It seems clear, that every economic system needs to incorporate a profit incentive to stir individuals and groups to productivity. “Substitutes like slavery, police supervision, or ideological enthusiasm prove too unproductive, too expensive, or too transient.”

“The concentration of wealth is a natural result of this concentration of ability, and regularly recurs in history. The rate of concentration varies (other factors being equal) with the economic freedom permitted by morals and the laws.”

When inequality reaches a critical point, wealth redistribution or revolution follows. “In progressive societies the concentration may reach a point where the strength of number in the many poor rivals the strength of ability in the few rich; then the unstable equilibrium generates a critical situation, which history has diversely met by legislation redistributing wealth or by revolution distributing poverty.”

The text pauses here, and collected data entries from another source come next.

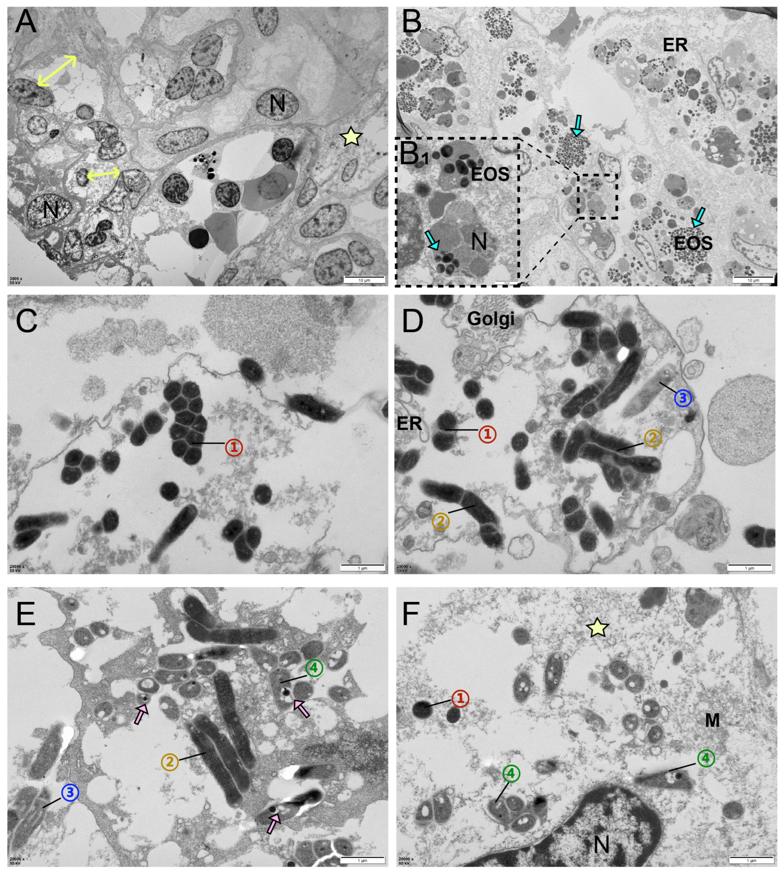 We selected the areas where the accumulation of bacteria was observed, melted the wax within that area and immersed it in pure acetone. Subsequently, the liver, kidney and heart tissues were washed with PBS, fixed with 1% osmic acid, dehydrated with gradient acetone, replaced and embedded. Then, the samples were stained with 1% uranyl acetate for 20 min, rinsed with ddH2O twice, followed by staining with 1% lead citrate for 20 min, and another two washes with ddH2O. Finally, the ultrastructure of the bacteria was observed by HITACH type I transmission electron microscope under 80 kV. Images were captured and collected for subsequent analysis.
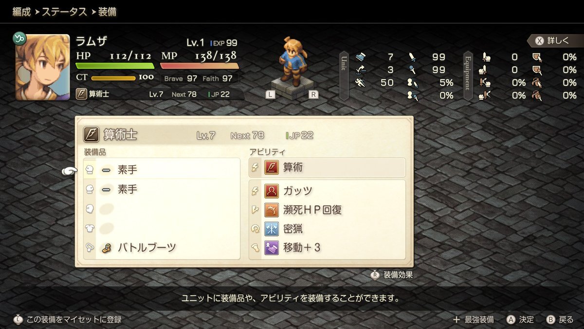 #FFT #FFタクティクス ついにレベル1の最強ラムザを育成できました! HPは理論値、MPもHPを犠牲にしなければ理論値 これ以上強いラムザは作成不可能能です これでようやく先に進める... シナリオはまだ砂ネズミの穴ぐらクリアしたばかり (続 pic.x.com/HikirJQ13D
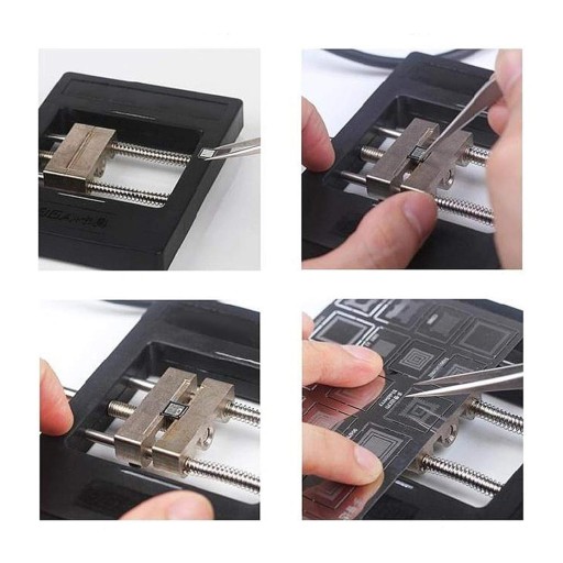 ✅ Magnesy i blaszki do uchwytu BGA: Uchwyt BGA posiada wbudowane dwa mocne magnesy, co czyni go idealnym do montażu sit typu BGAP (BGA Plate). Do docisku służą dwie blaszki, które również są w zestawie.

History shows that wealth concentration is unavoidable. “We conclude that the concentration of wealth is natural and inevitable, and is periodically alleviated by violent or peaceable partial redistribution. In this view all economic history is the slow heartbeat of the social organism, a vast systole and diastole of concentration wealth and compulsive recirculation.”

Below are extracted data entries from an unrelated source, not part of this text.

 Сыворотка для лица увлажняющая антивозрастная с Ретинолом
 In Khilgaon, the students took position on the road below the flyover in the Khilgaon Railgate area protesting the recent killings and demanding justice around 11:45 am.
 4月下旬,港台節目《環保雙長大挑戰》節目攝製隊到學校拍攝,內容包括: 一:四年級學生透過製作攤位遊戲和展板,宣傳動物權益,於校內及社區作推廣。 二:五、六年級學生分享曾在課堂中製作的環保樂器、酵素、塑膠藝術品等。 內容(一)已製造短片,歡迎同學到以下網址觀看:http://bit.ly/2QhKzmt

The story of socialism and capitalism is part of concentration and dispersion of wealth. Socialism is much older than one would expect. In Sumeria, about 2100 B.C. that economy was organised by the state. In Babylonia (1750 B.C.) the law code of Hammurabi fixed wages for certain professions. Many more examples: Rome (A.D. 301), several attempts China (145 B.C.) and – the longest-lasting regime yet known to history – by the Incas in what we now call Peru at some time in the 13th century.

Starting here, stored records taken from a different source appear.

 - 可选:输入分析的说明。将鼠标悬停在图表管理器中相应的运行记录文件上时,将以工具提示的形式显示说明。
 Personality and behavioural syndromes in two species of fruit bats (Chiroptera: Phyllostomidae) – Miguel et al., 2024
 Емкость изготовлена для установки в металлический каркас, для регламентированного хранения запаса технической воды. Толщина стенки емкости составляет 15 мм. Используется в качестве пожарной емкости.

Socialism rose again when “the Industrial Revolution revealed the greed and brutality of early capitalism – child labor, woman labor, long hours, low wages, and disease-breeding factories and slums.” Marx and Engels in the Communist Manifesto (1847) and Das Kapital (1867 – 95).

“The fear of capitalism has compelled socialism to widen freedom, and the fear of socialism has compelled capitalism to increase equality.”

No freedom without limitations. “Since men love freedom, and the freedom of individuals in society requires some regulation of conduct, the first condition of freedom is its limitation; make it absolute and it dies in chaos.”

Most governments have been oligarchies. They have been “ruled by a minority, chose either by birth, as in aristocracies, or by a religious organisation, as in theocracies, or by wealth, as in democracies.”

Aristocracy is based on the belief that it requires specific training and preparation to rule. “The aristocrat holds that political selection by birth is the sanest alternative to selection by money or theology or violence. Aristocracy withdraws a few men from the exhausting and coarsening strife of economic competition and trains them from birth […] for the tasks of government.”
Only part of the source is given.